Benítez writes that he doesn’t buy this.

Neither do I, but I read the rest of Norman’s article and I really liked it.

Here’s a great bit:

I [Norman] turn to a wonderful paper by Cook et al. (2008) that described three fundamentally different kinds of research question:

1. Description

“I have a new (curriculum, questionnaire, simulation, OSCE method, course) and here’s how I developed it”

That’s not even poor research. It’s not research at all.

2. Justification

“I have a new (curriculum, module, course, software) and it works. Students really like it” OR “students self-reported knowledge was higher” OR “students did better on the final exam than a control group” OR even “students had lower mortality rates after the course”
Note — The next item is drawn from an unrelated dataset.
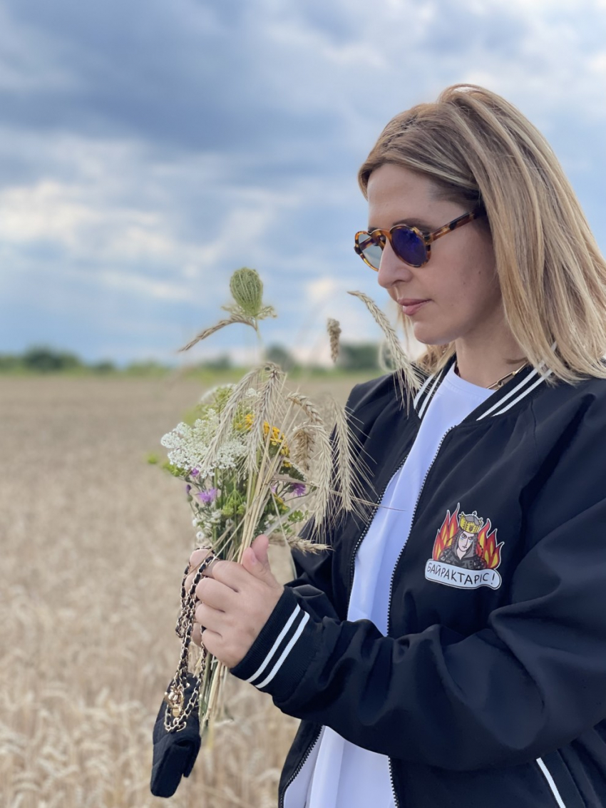 Тетяна КодзаєваПередусім я звернула увагу на вислів, зображений на футболці з колекції. І він одразу запав у душу, адже моя хата справді «не скраю» і, маючи велику аудиторію, я закликала й закликатиму всіх бути не байдужими. Для моєї англійськомовної аудиторії я розповіла, чим важлива колекція та що означає цей вислів. Сумку вибрала для спортивних образів – вона універсальна, проте завдяки патріотичному оздобленню дуже близька серцю.

OK, it’s research. But is it science? After all, what do we know about how the instruction actually works? Do we have to take the whole thing on board lock, stock and barrel, to get the effects? What’s the active ingredient? In short, WHY is it better? And that brings us to

3. Clarification

“I have a new (curriculum, module, course, software). It contains a number of potentially active ingredients including careful sequencing of concepts, imbedding of concepts in a problem, interleaved practice, and distributed practice. I have conducted a program of research where these factors have been systematically investigated and the effectiveness of each was demonstrated”.

That’s more like it. We’re not asking if it works, we’re asking why it works. And the results truly add to our knowledge about effective strategies in education. So one essential characteristic is that the findings are not limited to the particular gizmo under scrutiny in the study. The study adds to our general understanding of the nature of teaching and learning.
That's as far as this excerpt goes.